## [Provided records]
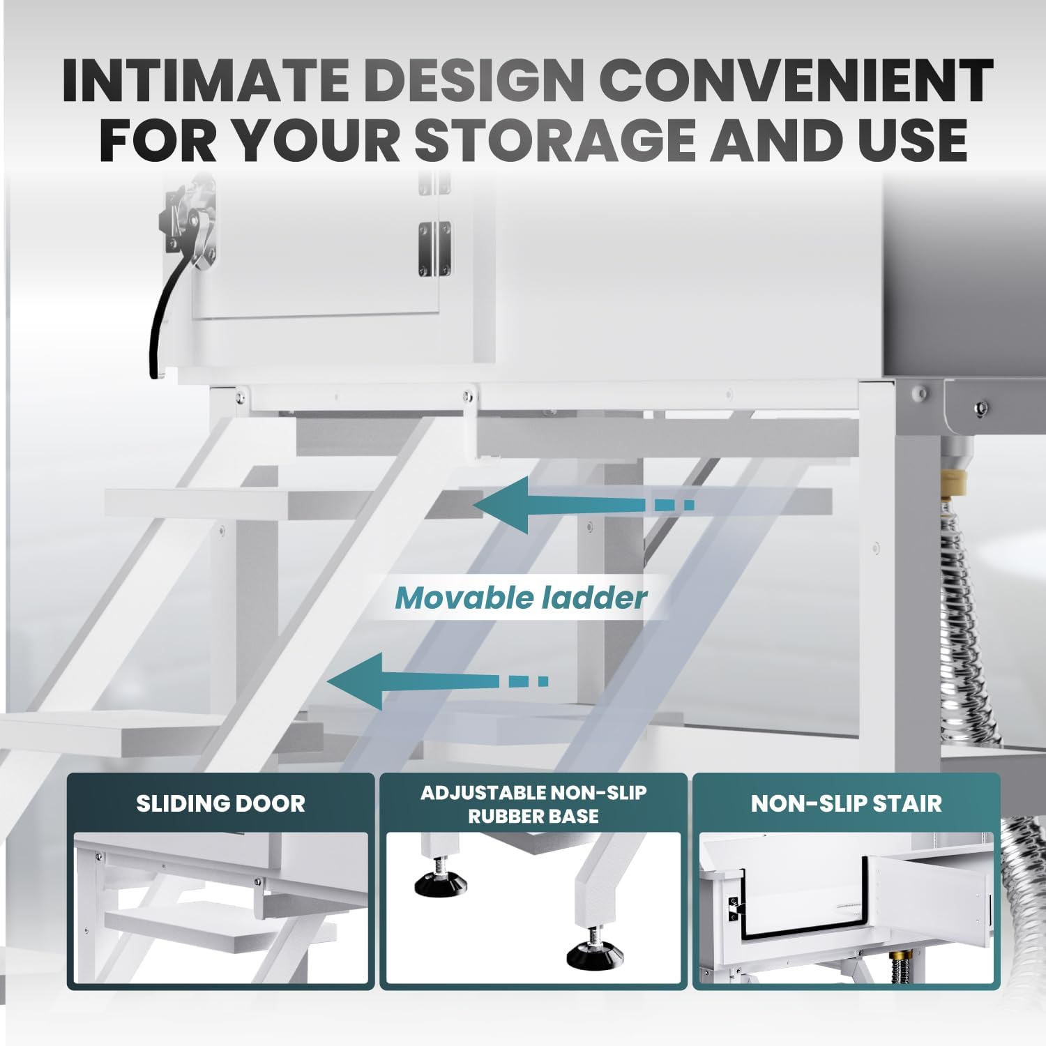 - No Need to Bend Over:Our dog bathing station provides a convenient height, eliminating the need to bend over to work. The pet bathtub can withstand up to 220 pounds, and the removable door and non-slip stairs make it easy for pets to get in and out of the bathtub. In addition, the stairs can slide inward to save space. Experience the comfort and convenience brought by our dog bathtub
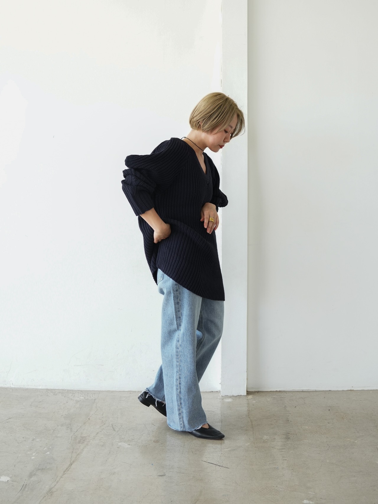 ニット素材だからこその優しい落ち感と
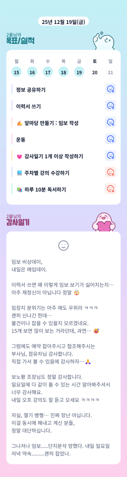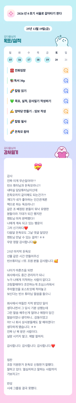 [내마실 엔젤빈쓰 튜터님과 함께하니 4주? 아니조~ 3주만에 내집마련 성공했조 김다올] 25.12.19.(금) 목실감
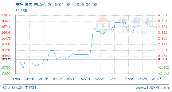 4月8日,生意社皮棉基准价为16731.33元/吨,与本月初(16847.00元/吨)相比,下降了0.69%。
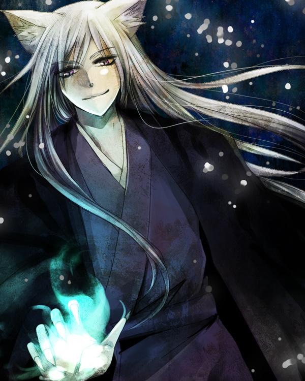 1boy animal_ear_fluff animal_ears blue_background blue_fire commentary_request fingernails fire fox_boy fox_ears grey_eyes grey_hair haori hiyokokko japanese_clothes kamisama_hajimemashita kimono long_hair looking_at_viewer male_focus night outdoors purple_kimono pyrokinesis sharp_fingernails smile snow tomoe_(kamisama_hajimemashita) upper_body

## [Exercise brief]
The required answer is an exact, picture-free copy of the lines from the opening of the listing above through the line with "4月8日,生意社皮棉基准价为".

## [Solution]
 - No Need to Bend Over:Our dog bathing station provides a convenient height, eliminating the need to bend over to work. The pet bathtub can withstand up to 220 pounds, and the removable door and non-slip stairs make it easy for pets to get in and out of the bathtub. In addition, the stairs can slide inward to save space. Experience the comfort and convenience brought by our dog bathtub
 ニット素材だからこその優しい落ち感と
 [내마실 엔젤빈쓰 튜터님과 함께하니 4주? 아니조~ 3주만에 내집마련 성공했조 김다올] 25.12.19.(금) 목실감
 4月8日,生意社皮棉基准价为16731.33元/吨,与本月初(16847.00元/吨)相比,下降了0.69%。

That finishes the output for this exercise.